[Start of section]

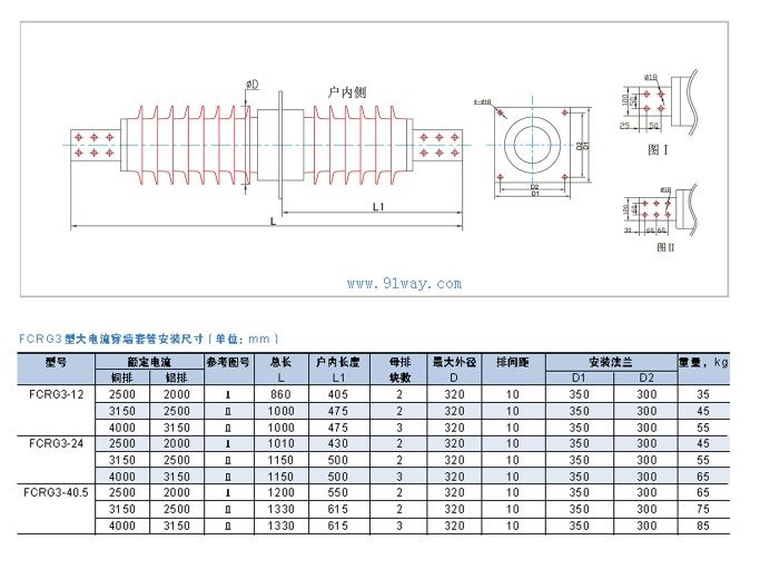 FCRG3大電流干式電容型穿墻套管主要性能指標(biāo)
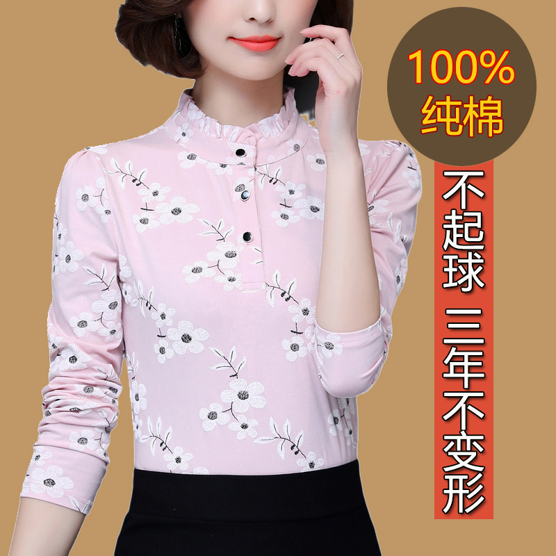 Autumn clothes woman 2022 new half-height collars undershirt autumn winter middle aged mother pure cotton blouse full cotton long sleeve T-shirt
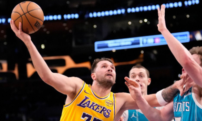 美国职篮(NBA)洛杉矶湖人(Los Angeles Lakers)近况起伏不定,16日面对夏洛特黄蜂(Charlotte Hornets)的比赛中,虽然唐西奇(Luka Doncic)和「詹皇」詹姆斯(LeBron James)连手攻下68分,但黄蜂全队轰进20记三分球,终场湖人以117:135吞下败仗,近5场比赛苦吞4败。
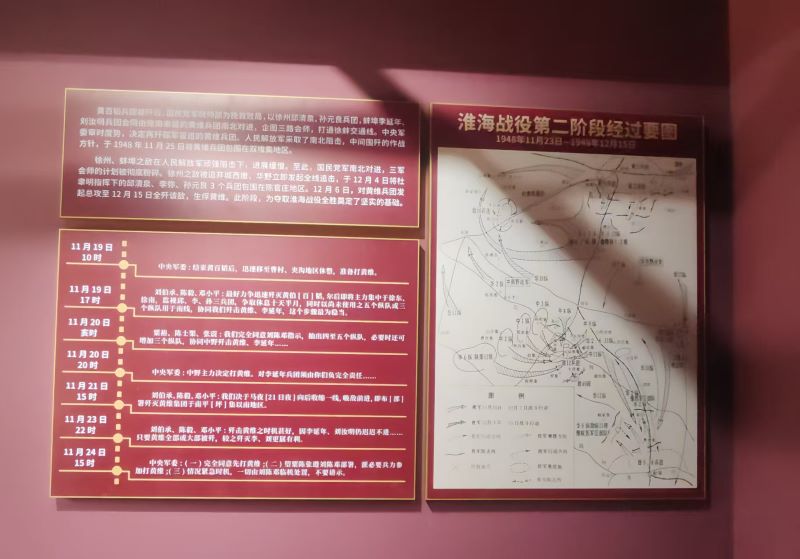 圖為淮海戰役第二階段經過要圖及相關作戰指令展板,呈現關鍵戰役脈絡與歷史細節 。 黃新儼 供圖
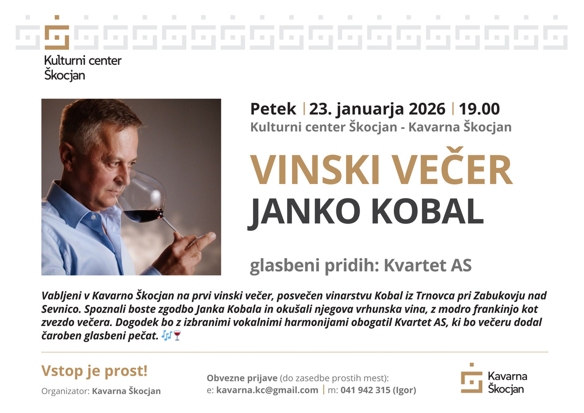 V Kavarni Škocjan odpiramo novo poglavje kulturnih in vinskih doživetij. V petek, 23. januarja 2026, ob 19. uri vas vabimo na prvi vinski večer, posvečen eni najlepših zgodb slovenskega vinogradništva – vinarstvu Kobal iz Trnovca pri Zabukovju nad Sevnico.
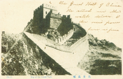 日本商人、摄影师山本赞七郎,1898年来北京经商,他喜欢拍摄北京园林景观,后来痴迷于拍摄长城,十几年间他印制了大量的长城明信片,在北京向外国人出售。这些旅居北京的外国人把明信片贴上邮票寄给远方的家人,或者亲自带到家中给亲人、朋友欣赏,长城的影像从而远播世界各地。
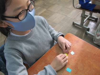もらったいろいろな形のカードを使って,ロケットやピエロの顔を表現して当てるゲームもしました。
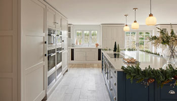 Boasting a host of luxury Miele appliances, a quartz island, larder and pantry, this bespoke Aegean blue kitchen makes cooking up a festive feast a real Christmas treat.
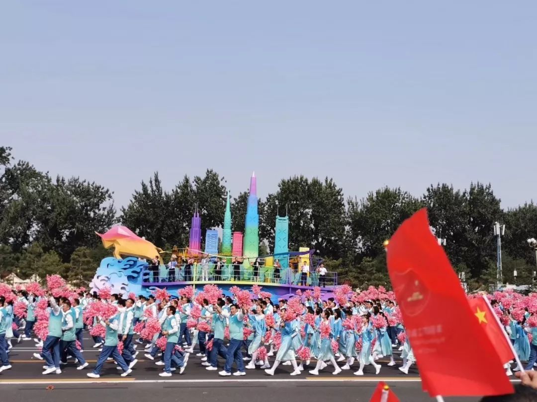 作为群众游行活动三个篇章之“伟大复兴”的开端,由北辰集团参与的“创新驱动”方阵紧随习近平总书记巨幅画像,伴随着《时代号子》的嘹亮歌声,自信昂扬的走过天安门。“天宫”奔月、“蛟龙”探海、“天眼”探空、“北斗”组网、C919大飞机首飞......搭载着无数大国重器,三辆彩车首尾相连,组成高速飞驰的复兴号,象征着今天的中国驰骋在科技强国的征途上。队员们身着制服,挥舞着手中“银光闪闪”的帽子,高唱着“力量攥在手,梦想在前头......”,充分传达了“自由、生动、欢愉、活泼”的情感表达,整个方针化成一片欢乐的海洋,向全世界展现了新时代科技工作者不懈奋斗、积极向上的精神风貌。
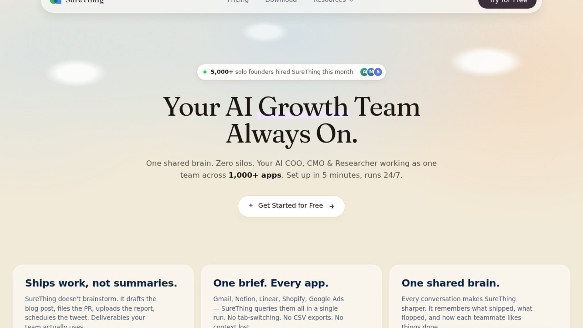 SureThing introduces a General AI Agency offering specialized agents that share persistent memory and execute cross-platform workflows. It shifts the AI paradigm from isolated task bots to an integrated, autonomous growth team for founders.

[End of section]

INSTRUCTIONS TO FOLLOW
What is needed is every line of the data above, set down exactly but with the images left out.

EXPECTED ANSWER
 FCRG3大電流干式電容型穿墻套管主要性能指標(biāo)
 Autumn clothes woman 2022 new half-height collars undershirt autumn winter middle aged mother pure cotton blouse full cotton long sleeve T-shirt
 美国职篮(NBA)洛杉矶湖人(Los Angeles Lakers)近况起伏不定,16日面对夏洛特黄蜂(Charlotte Hornets)的比赛中,虽然唐西奇(Luka Doncic)和「詹皇」詹姆斯(LeBron James)连手攻下68分,但黄蜂全队轰进20记三分球,终场湖人以117:135吞下败仗,近5场比赛苦吞4败。
 圖為淮海戰役第二階段經過要圖及相關作戰指令展板,呈現關鍵戰役脈絡與歷史細節 。 黃新儼 供圖
 V Kavarni Škocjan odpiramo novo poglavje kulturnih in vinskih doživetij. V petek, 23. januarja 2026, ob 19. uri vas vabimo na prvi vinski večer, posvečen eni najlepših zgodb slovenskega vinogradništva – vinarstvu Kobal iz Trnovca pri Zabukovju nad Sevnico.
 日本商人、摄影师山本赞七郎,1898年来北京经商,他喜欢拍摄北京园林景观,后来痴迷于拍摄长城,十几年间他印制了大量的长城明信片,在北京向外国人出售。这些旅居北京的外国人把明信片贴上邮票寄给远方的家人,或者亲自带到家中给亲人、朋友欣赏,长城的影像从而远播世界各地。
もらったいろいろな形のカードを使って,ロケットやピエロの顔を表現して当てるゲームもしました。
 Boasting a host of luxury Miele appliances, a quartz island, larder and pantry, this bespoke Aegean blue kitchen makes cooking up a festive feast a real Christmas treat.
 作为群众游行活动三个篇章之“伟大复兴”的开端,由北辰集团参与的“创新驱动”方阵紧随习近平总书记巨幅画像,伴随着《时代号子》的嘹亮歌声,自信昂扬的走过天安门。“天宫”奔月、“蛟龙”探海、“天眼”探空、“北斗”组网、C919大飞机首飞......搭载着无数大国重器,三辆彩车首尾相连,组成高速飞驰的复兴号,象征着今天的中国驰骋在科技强国的征途上。队员们身着制服,挥舞着手中“银光闪闪”的帽子,高唱着“力量攥在手,梦想在前头......”,充分传达了“自由、生动、欢愉、活泼”的情感表达,整个方针化成一片欢乐的海洋,向全世界展现了新时代科技工作者不懈奋斗、积极向上的精神风貌。
 SureThing introduces a General AI Agency offering specialized agents that share persistent memory and execute cross-platform workflows. It shifts the AI paradigm from isolated task bots to an integrated, autonomous growth team for founders.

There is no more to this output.